The “Money Question” and today’s besetting political problems.

May 20th, 2008

An idea for your consideration: During the 19th century, the commanding issue of financial politics in the United States was the interrelation of the money supply with a national bank. Andrew Jackson, for one, hated the idea of a national bank.


It’s hard for us to understand today how seriously this issue was taken, how deeply it divided American politicians, and how long it lasted. Party platforms were built around this, and whole sessions of Congress debated it at length and with great bitterness.

The issue lasted for three-quarters of a century, such that seventy years after Jackson rose to the White House, William Jennings Bryan could campaign on the still-controversial issue of a bimetallic currency.


And then came the creation of the Federal Reserve. At which point the issue dried up altogether. Poof.

Not everything works that way. The other great question of the 19th century in U.S. politics — slavery — was even larger, and it was only solved via the bloodiest conflict this hemisphere has ever seen. So I don’t want to suggest that every political issue has such a straightforward solution.

But it’s worth considering: what’s the piece of policy that would erase Issue X, Issue Y, or Issue Z as a bone of contention within U.S. politics? Or within international affairs?

Please, ladle your thoughts upon me in the comment thread.
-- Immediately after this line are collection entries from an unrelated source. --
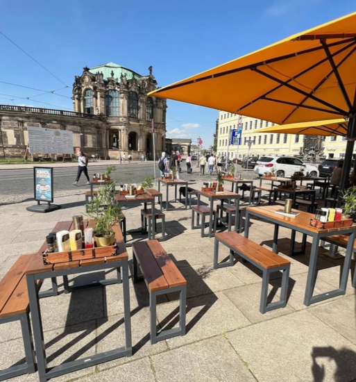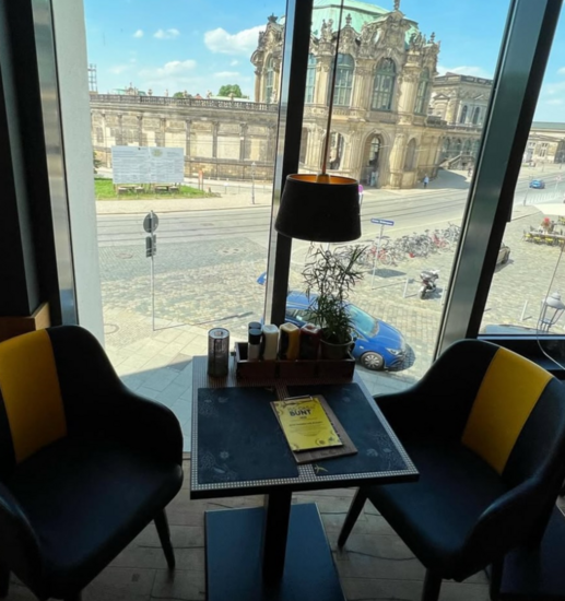Leider ist es im Moment zu kalt für die Terrasse mit direktem Blick auf den Dresdner Zwinger (319 Innen- und 200 Außenplätze).
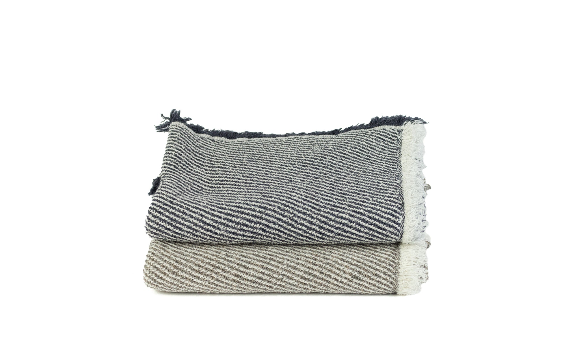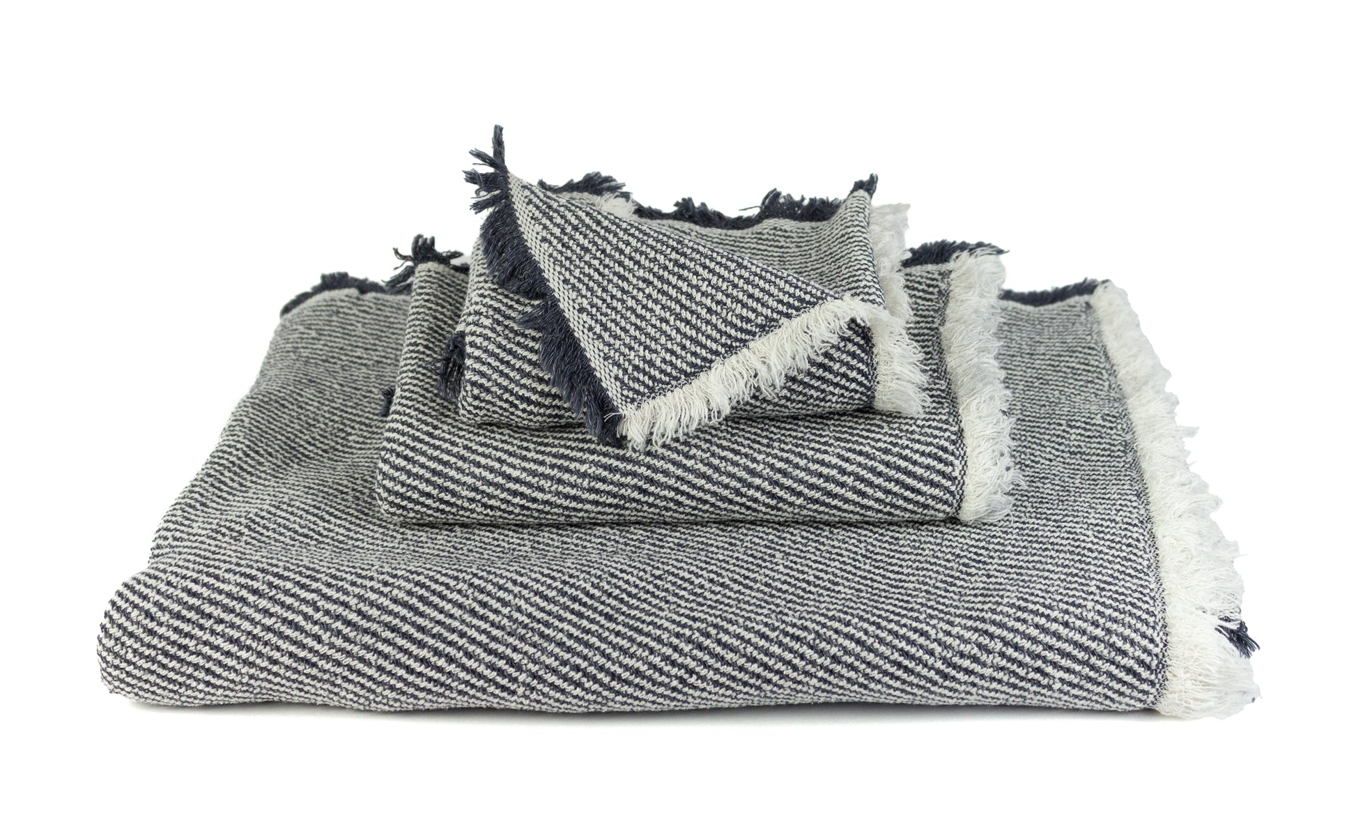 This adventure-ready towel has a heavy, coarse texture that dries quickly. Its pileless, oblique-cord design features short fringe trim at the sides. It makes the perfect beach or sauna towel. Made of 100% cotton in Japan, the Swell navy towel is available in two colors and three sizes.
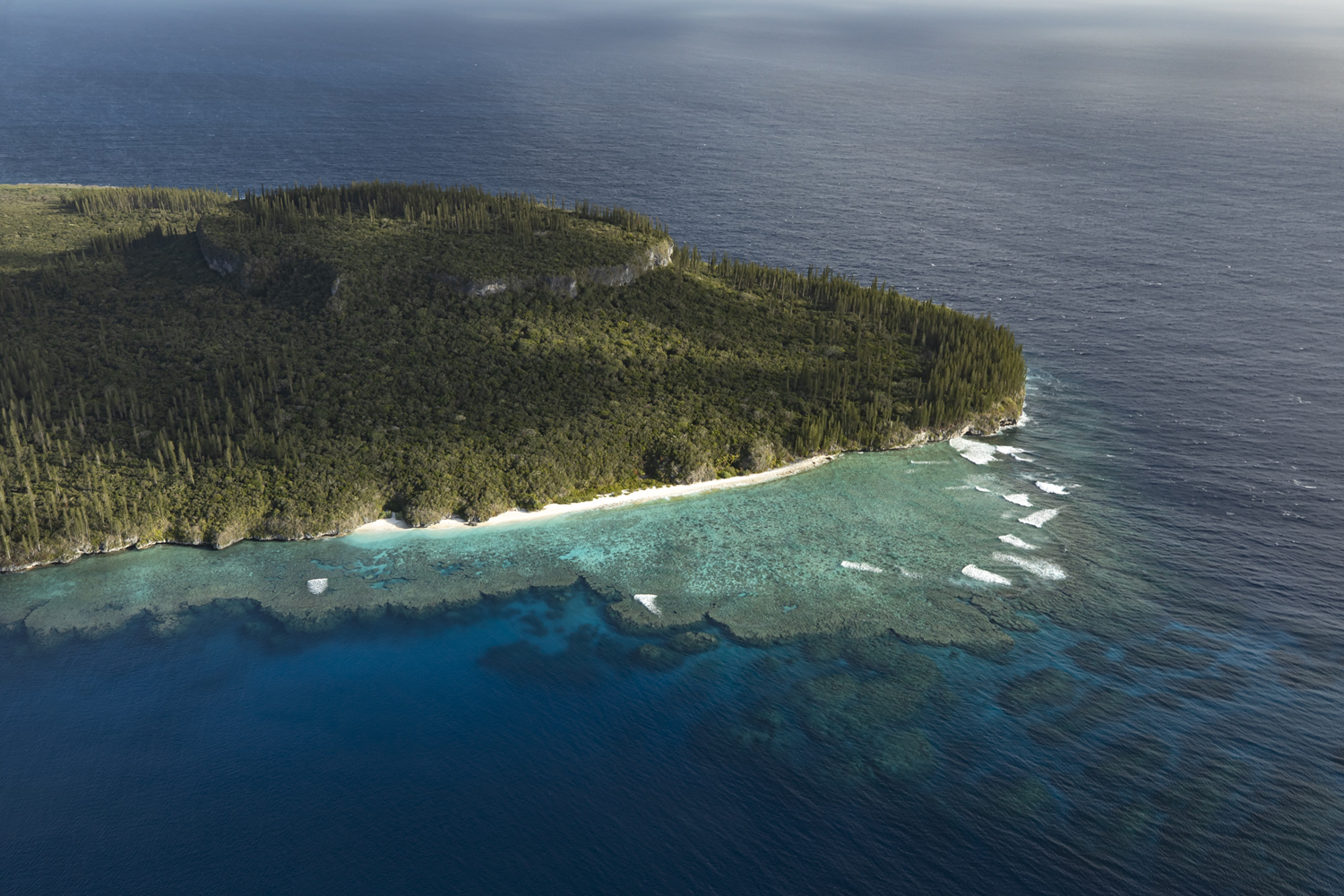 The island of Maré, in the Loyalty Islands, has a fairly massive shape fitting into a 19mi (30km) sided square. Its perimeter is stretched by different capes which draw the branches of a star. Starting from the northeast and turning clockwise, they are the Roussin, Coster, Boyer, Wabayoc, Washoc, Medu, Wabao (photo), and Machau capes separating the Allier, Shabadran, Wabao (or Niri), Tadine and North bays.

(Images of Jackson and Bryan via Wikipedia.)

2 Responses to “The “Money Question” and today’s besetting political problems.”

  1. Zane Safrit Says:

    Oil or energy supplies. Look at our national budgets for GDP and the federal budgets, ok deficit….Then look at how much is centered around insuring a steady supply of oil, from the defense budget, to tax breaks, to the percent of our household budgets, to the cost of the war in Iraq, to the constant obsession with the topic, to the opportunity costs as we can’t afford now to address other challenges like infrastructure, schools, health care, sustainable energy supplies, innovation, our status as a debtor nation, etc, etc.

    Find a sustainable, self-sufficient, source of energy…and we free up a lot of resources for other issues.

  2. Sheryl A. McCoy Says:

    It seems to me, historically speaking, many solutions are so obvious as to be completely invisible to those living at the moment, rather like “Flatland”. Then in a burst of creativity, we see the third dimension and our world is now longer flat.

    Personally, I hate to agree with Boone Pickens (although my husband thinks he walks on water), but we need a comprehensive energy policy.

    That is where my agreement with Mr. Pickens stops. He proposes that we use natural gas from our country, but I propose that we invest in small alternative energy plants at each place that uses energy. These energy plants could use a variety of free energy sources, like solar, wind, water or exercise bike power.

    Used in tandem with one another, it is highly unlikely that anyone would need to purchase energy for their homes or apartments again. Don’t be confused by those who say solar isn’t viable. I saw a simple DIY setup explained very clearly about 3 months ago in Mother Earth News, It was very inexpensive.

    Like the Nike slogan. Just Do IT! It is amazing how quickly Americans can innovate our technology when we are motivated.